2017-03-19 01:04:24 +01:00 · 2017-03-19 01:04:24 +01:00 · fc8e22df8f
commit fc8e22df8f
parent f68ef1e2ab
2 changed files with 136 additions and 0 deletions
--- a/youtube_dl/extractor/extractors.py
+++ b/youtube_dl/extractor/extractors.py
@ -1028,6 +1028,11 @@ from .tvigle import TvigleIE
 from .tvland import TVLandIE
 from .tvn24 import TVN24IE
 from .tvnoe import TVNoeIE
 from .tvnplayer import (
    TVNIE,
    TVNPlayerIE,
    TVNPlayerSeriesIE,
 )
 from .tvp import (
    TVPEmbedIE,
    TVPIE,
--- a/youtube_dl/extractor/tvnplayer.py
+++ b/youtube_dl/extractor/tvnplayer.py
@ -0,0 +1,131 @@
 # coding: utf-8
 from __future__ import unicode_literals
 import re
 from .common import InfoExtractor
 from ..utils import determine_ext
 class TVNIE(InfoExtractor):
    IE_NAME = 'tvn'
    _VALID_URL = r'https?://(?:[^/]+\.)?tvn\.pl/.*?,(?P<id>\d+),o\.html'
    _TEST = {
        'url': 'http://nawspolnej.tvn.pl/odcinki-online/odcinek-2440,71587,o.html',
        'md5': '1de06bc87774c334ac473f79ee4a5719',
        'info_dict': {
            'id': '70618',
            'ext': 'mp4',
            'title': 'Na Wspólnej, odc. 2440',
            'description': 'md5:73b915646094286a6b3c159c79c67e38',
        },
    }
    def _real_extract(self, url):
        page_id = self._match_id(url)
        webpage = self._download_webpage(url, page_id)
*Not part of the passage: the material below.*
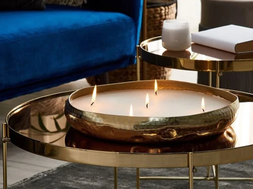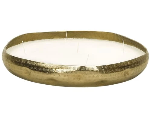 Bol bougie déco d’inspiration orientale en aluminium doré. Décorez n’importe quelle surface avec ce magnifique bougie bol d’inspiration orientale. Il complète parfaitement les intérieurs au style moderne, vintage et glamour grâce à son design élégant et sa finition dorée. Ce bougeoir original est fait en aluminium léger, rempli de paraffine qui diffuse un arôme délicat de vanille dans votre chambre ou salon. Créez une atmosphère romantique dans votre maison et profitez de la lumière douce et pleine de charme de cet accessoire déco très original.Détails: Type de produit: Bougie Style: Glamour Couleur principale: Doré Matière principale: Aluminium Finition: Peint Fabriqué à la main: Oui Dimensions: Profondeur: 37 cm Largeur: 37 cm Hauteur: 6 cm Poids: 3 kg L`offre inclue: 1 x Bougie Caractéristiques clés: Fabriqué à la main avec le plus grand soin, Décoratif et fonctionnel, Style chic, Un style simple s’adaptant à tout type d’intérieur, Matières de bonne qualité Informations d`assemblage: Ne nécessite pas d’assemblage Conseils de maintenance: Aluminium: 1.Pour éviter les rayures, n’utilisez pas de nettoyants abrasifs 2. Nettoyez avec un chiffon et un détergent doux, essuyez bien ensuite 3.Pour les éléments en cuivre ou chromés, utilisez un produit de polissage spécial.

        video_id = self._search_regex([
            r'/player.pl/.*?,(\d+),autoplay.html',
            r'var\s+var_id\s+=\s+[\'"](\d+)'], webpage, 'video id')
        return self.url_result('http://player.pl/,%s.html' % video_id, ie=TVNPlayerIE.ie_key())
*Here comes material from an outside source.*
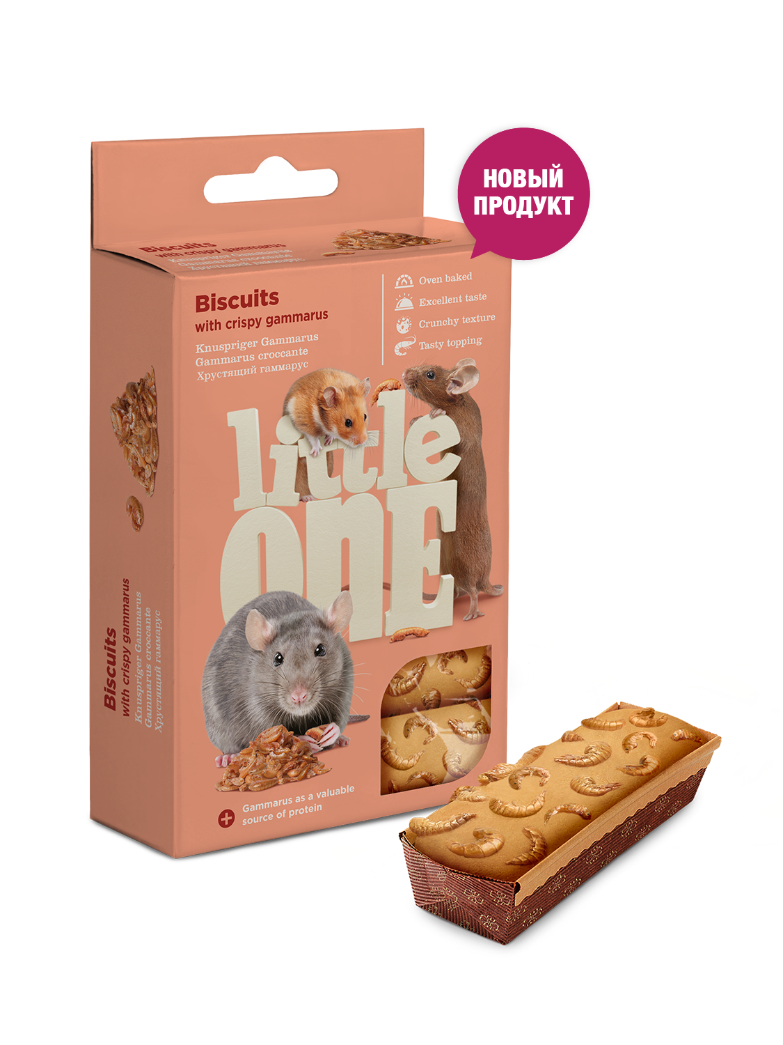 Дополнительный корм для хомяков, крыс, мышей и песчанок. Бисквиты Little One — это вкусная и полезная добавка к основному рациону для всеядных грызунов. Морковь и шпинат, содержащиеся в бисквитах, делают лакомство особенно вкусным.

 class TVNPlayerIE(InfoExtractor):
    IE_NAME = 'tvnplayer'
    _VALID_URL = r'https?://player\.pl/.*?,(?P<id>\d+)(?:,\w+)?\.html'
    _TEST = {
        'url': 'http://player.pl/seriale-online/na-wspolnej-odcinki,144/odcinek-2436,S00E2436,70614.html',
        'md5': '1e1457420045d36c488c94cf35d8e9cb',
        'info_dict': {
            'id': '70614',
            'ext': 'mp4',
            'title': 'Na Wspólnej, odc. 2436',
            'description': 'md5:651cbbc050c3716200cb3f61c24e85b5',
        },
    }
    def determine_bitrate(self, url):
        str_bitrate = url.partition("?")[0].rpartition('.')[0].rpartition("_")[-1]
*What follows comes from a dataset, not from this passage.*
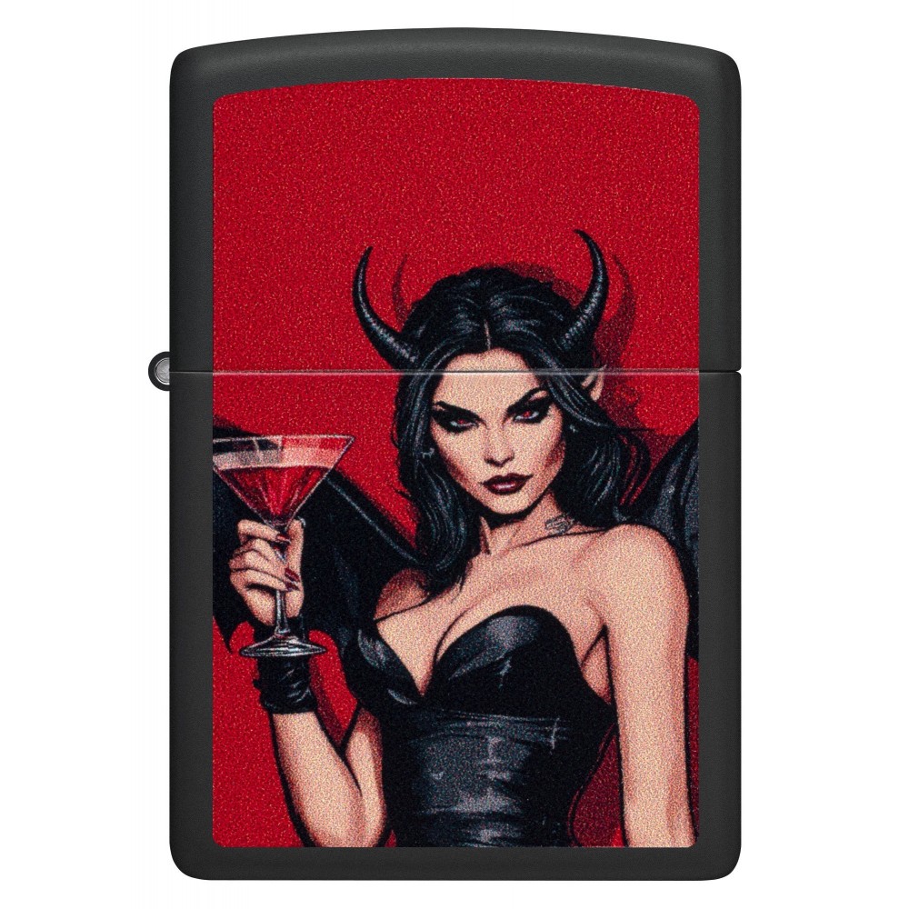 Laikydama martinio taurę, demoniška vampyrė pozuoja ant šio klasikinio „Black Matte“ žiebtuvėlio paviršiaus.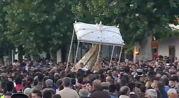 A las 3, 02 horas de la madrugada del lunes los almonteños saltaron la reja y llevaron a su Patrona en Procesión por la Aldea.

        return int(str_bitrate)/1000
    def _real_extract(self, url):
        video_id = self._match_id(url)
        json_url = 'http://player.pl/api/?platform=ConnectedTV&terminal=Panasonic&format=json&authKey=064fda5ab26dc1dd936f5c6e84b7d3c2&v=3.1&m=getItem&id='
        json_data = self._download_json(json_url + video_id, video_id)
        item = json_data['item']
        title = item['serie_title']
        description = item['lead']
        if item['season'] > 0:
            title += ', sezon ' + str(item['season'])
        if item['episode'] > 0:
            title += ', odc. ' + str(item['episode'])
        formats = []
        for video in item['videos']['main']['video_content']:
            video_url = video['url']
            formats.append({
                'format_id': video['profile_name'],
                'url': video_url,
                'ext': determine_ext(video_url, 'mp4'),
                'tbr': self.determine_bitrate(video_url),
                'description': description
            })
        self._sort_formats(formats)
        # ISM manifest, doesn't work
        '''
        json_data = self._download_json('http://player.pl/playlist-vod/' + video_id + '.json', video_id)
        for movie in json_data['playlist']['movies'].values():
          if type(movie).__name__ == 'dict' and 'episode_id' in movie and video_id == movie['episode_id']:
            title = movie['title']
            if not movie['one_episode']:
              title += ", odc. " + movie['episode']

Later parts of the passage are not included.